Ils parient sans doute sur la capacité du CEP, dirigé de facto par des figures comme Uder Antoine et Jacques Desrosiers, à trouver un modus vivendi pragmatique avec les réalités du terrain. L’avenir dira si ce calcul, froidement réaliste, était bien compté ou dramatiquement mal évalué.
Analyse plus large : Sécurité, légitimité et tutorat international
Le cœur du problème dépasse la logistique électorale. Haïti vit une crise multidimensionnelle où la violence armée a fragmenté le territoire. Les gangs contrôlent une grande partie de la capitale et étendent leur influence.
Les opérations de la PNH et des forces internationales ont permis des avancées ponctuelles, mais pas un renversement stratégique durable.
Dans ce contexte, précipiter un calendrier électoral (avec des scrutins potentiellement en août 2026) répond davantage à une exigence de la communauté internationale et régionale – sortir de la transition, restaurer des institutions élues – qu’à une maturation interne des conditions.
La CARICOM, actrice clé depuis les négociations de 2024, se retrouve dans une position délicate. Son évaluation fin juillet devra équilibrer encouragement aux efforts visibles et lucidité sur les risques. Un blanc-seing trop rapide validerait une façade ; une critique trop sévère pourrait décourager les acteurs locaux.
Le gouvernement Fils-Aimé, quant à lui, joue sa survie politique sur sa capacité à « livrer » des élections, gage de continuité et de soutien extérieur.
Les observateurs avisés notent également les risques de capture du processus. Des regroupements politiques nombreux s’inscrivent, mais dans un environnement où la sécurité physique des candidats, agents et électeurs n’est pas garantie, la participation risque d’être inégale et biaisée.
Les zones contrôlées par les gangs pourraient voir une mobilisation sélective ou une abstention forcée, faussant la représentativité nationale.
Vers une conclusion prudente mais lucide
L’effervescence actuelle au CEP n’est pas dénuée de mérite technique. Former des agents, agréer des partis, cartographier des centres de vote : ces étapes sont nécessaires.
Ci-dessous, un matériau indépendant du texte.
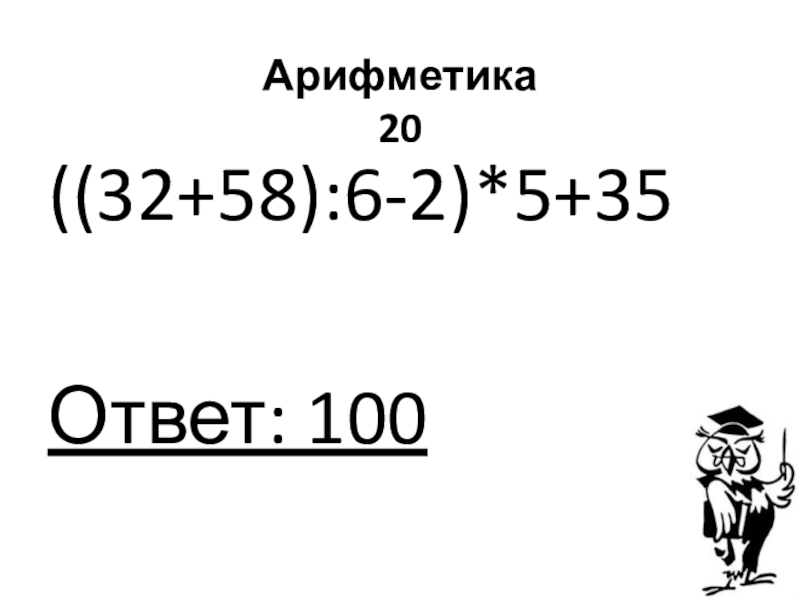 Арифметика 20((32+58):6-2)*5+35Ответ: 100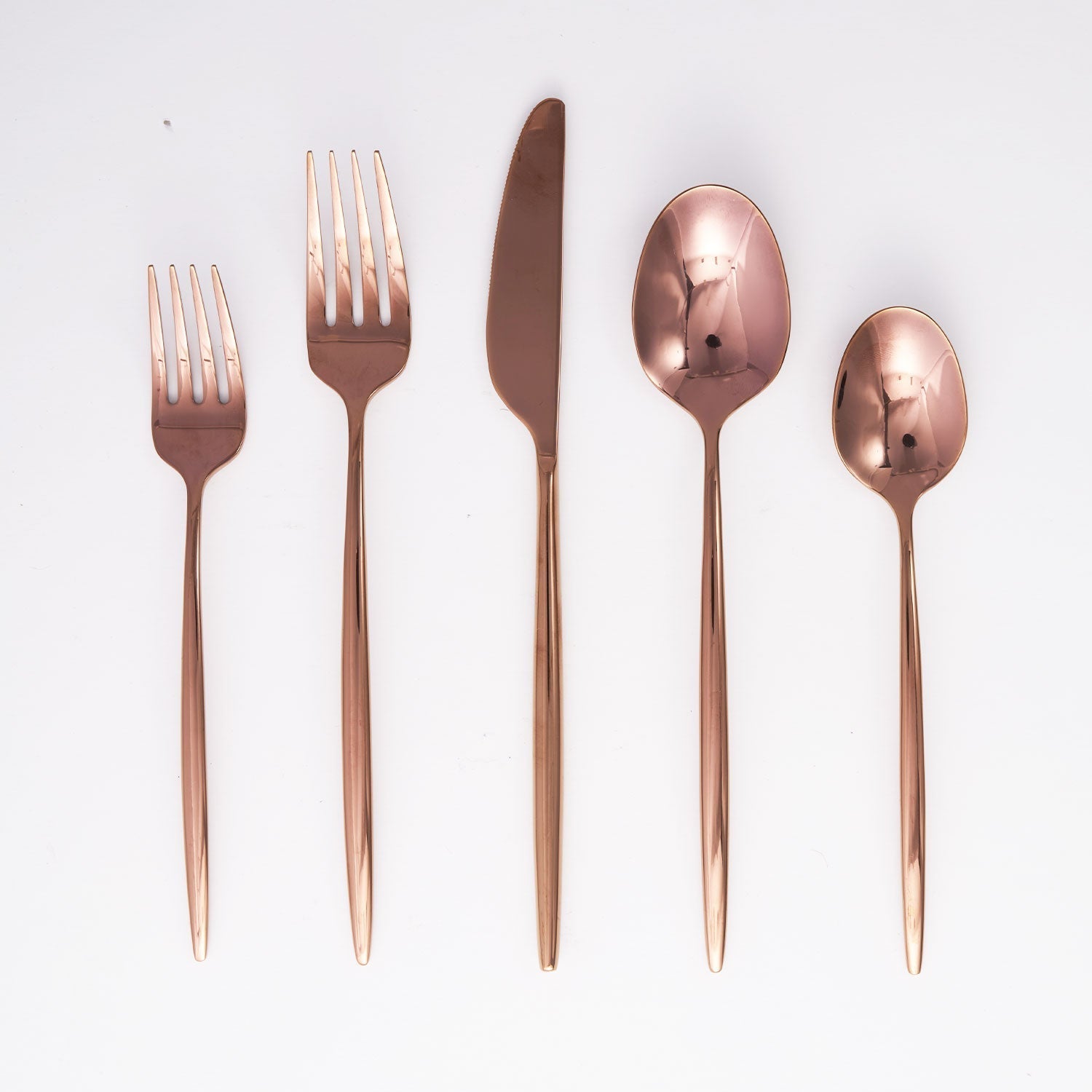 20-piece forged service for 4 with a slender handle that evokes a classic Scandinavian feel in a warm, copper color mirror finish.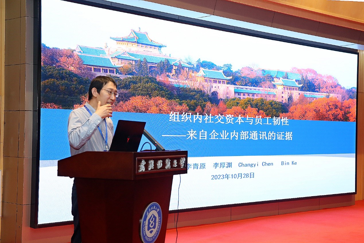 武汉大学李青原教授作题为《组织内社交资本与员工韧性——来自组织内部通讯的证据》的主题报告,南京理工大学徐光华教授主持报告会。李青原教授通过对企业内部员工的信息进行建构模型分析,得到分析情感表达以及相互支持对于社会资本的作用,突出强调“理工科与经济学相结合的应用场景将会更加广泛”这一观点。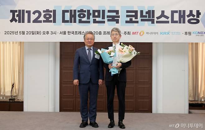 송은강 캡스톤파트너스 대표가 20일 서울 중구 프레스센터에서 열린 머니투데이 주최 '제12회 대한민국 코넥스대상 시상식'에서 베스트 코넥스 하우스 최우수상을 수상한 뒤 강호병 머니투데이 대표와 기념촬영을 하고 있다.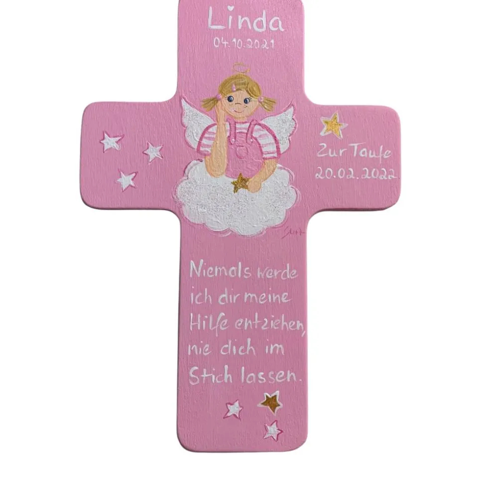 Schutzengelkreuz für Mädchen Taufkreuz, Kinderkreuz Geschenk zur Taufe / Geburt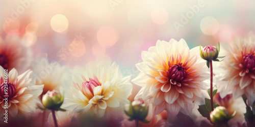 © maxa0109, Obraz premium Dahlia flowers. Dahlias Background. Beautiful Floral Background for Greeting card for Birthday, Mother's day, Women's day, Wedding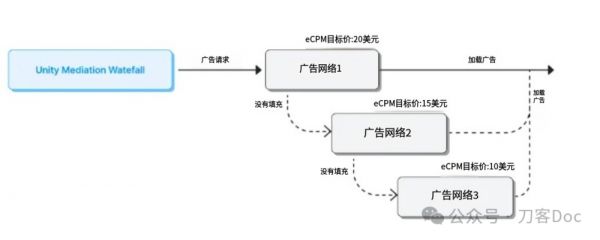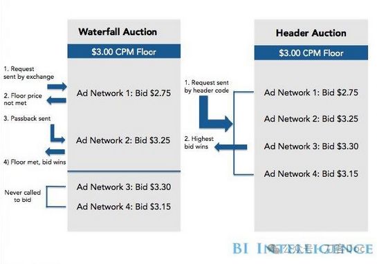 在此之前,广告询价的过程是瀑布流模式:媒体发出广告请求后,会依照广告网络(AD Network)的权重从上到下一一进行请求,如果权重更高的广告平台无法填充广告,就会向下传导,询问权重更低的广告来获得填充广告位。

Mais elles ne suffisent pas à surmonter l’obstacle central : l’État de droit ne peut coexister durablement avec un État gangstérisé sans un rapport de force favorable à la République.
Utiliser les réseaux et méthodes du ministère de l’Éducation pour « résoudre » localement l’équation sécuritaire peut permettre de tenir un scrutin. Cela produira-t-il des élections crédibles, légitimes et pacifiantes ? C’est toute la question.
Les partis qui s’embarquent dans cette « grande aventure » calculent probablement que, dans l’impasse haïtienne, un mauvais scrutin vaut mieux que l’absence prolongée d’institutions. Ils espèrent que le temps, l’appui international et une certaine normalisation progressive consolideront les acquis. L’histoire haïtienne, riche en transitions avortées et en institutions formelles vidées de substance, invite cependant à la prudence.
Le CEP a manifestement un plan. Reste à savoir si ce plan servira la souveraineté populaire ou consolidera, sous une nouvelle forme, les équilibres de pouvoir informels qui minent le pays depuis trop longtemps.
L’arrivée de la CARICOM sera un moment de vérité. Au-delà des discours protocolaires et des rapports polis, elle devra poser les questions inconfortables : peut-on vraiment organiser des élections crédibles quand des pans entiers du territoire échappent à l’autorité de l’État ?
Et si la réponse est négative, quel est le plan B réaliste pour éviter de reporter indéfiniment l’échéance démocratique tout en préservant la stabilité minimale ?
Haïti mérite mieux qu’un nouveau cycle de simulacres institutionnels. La communauté régionale et internationale, comme les acteurs nationaux, portent une responsabilité historique : ne pas sacrifier la substance démocratique sur l’autel de l’urgence calendaire.
L’avenir, comme toujours en Haïti, reste ouvert. Mais il s’écrira moins dans les communiqués du CEP que dans la capacité collective à affronter la réalité gangstérisée sans faux-semblants.